24 OCTOBER 1885, Page 2

Mr. Trevelyan made an admirable speech last Saturday at Taunton,

in which he pointed out how greatly the condition of Ireland had deteriorated since the Tory Government came in. "When Lord Spencer and I were in Ireland, men fulfilled their civil obligations. They are not fulfilling them now. When Lord Spencer and I were in Ireland, rent was paid more readily than it is paid in England. At the present moment, in many parts, I think we might almost say in most parts of Ireland, rent is not being paid at all. And as for boycotting, the notion that boycotting is not much more virulent and mach more universal now than it was under Lord Spencer is a notion which could never be maintained for one single moment by anybody who is boycotting, or by anybody who has been boycotted." And of this he gave a graphic illustration, which we have extracted in another column. Mr. Trevelyan referred also to Mr.
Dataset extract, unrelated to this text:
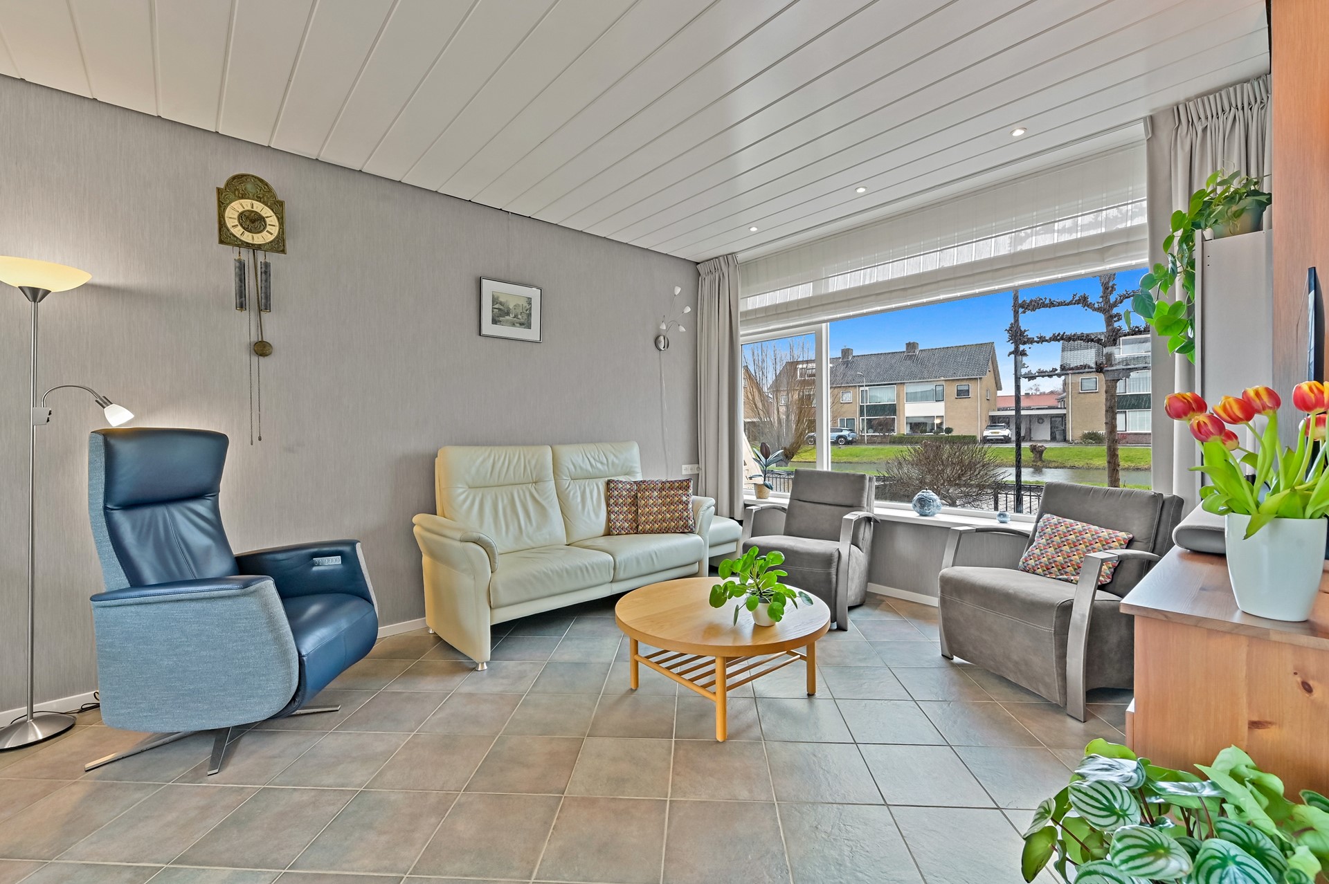 Via de fraai aangelegde voortuin met diverse beplanting bereikt u de entree met hal, meterkast, toiletruimte en trapopgang. Vanuit de hal komt u in de lichte woonkamer met trapkast en grote schuifpui aan de achterzijde, waardoor de woonkamer in directe verbinding staat met de tuin. Aan de voorzijde heeft u een schitterend uitzicht over de singel naar de weilanden langs de Koningin Julianaweg. De keuken aan de achterzijde bevindt zich in een uitbouw met lichtkoepel en loopdeur naar de tuin. De keuken is praktisch ingedeeld en voorzien van diverse inbouwapparatuur waaronder een koelkast, oven, 5 pits gaskookplaat en afzuigkap. De woonkamer en keuken zijn voorzien van vloerisolatie en comfortabele vloerverwarming. Grenzend aan de keuken vindt u de bijkeuken met opstelplaats voor onder andere de wasmachine, wasdroger en de C.V. ketel. De diepe achtertuin (ca. 8,5 meter) beschikt over een aangebouwde schuur en een achterom. Aan de gevel is een zonnescherm en tuinverlichting gemonteerd.

Parnell's sermon, in which he told the Irish peasants to pay no more respect to the judicial rent than they did to the old rents before the Courts had revised them ; and remarked that on the very day after that speech, Lord Dunraven at Norwich had pro- claimed that the Government were anxious for the support of the Parnellites. At this moment, said Mr. Trevelyan, "the sale of land in Ireland would be as cheap and easy as of Console, if it had not been that Lord Salisbury and Lord Carnarvon, by dropping Lord Spencer's method of preserving law and order, have taught the Irish farmer that it is much cheaper and easier to pay no rent, than to buy his farm under the most simple method that human ingenuity ever devised."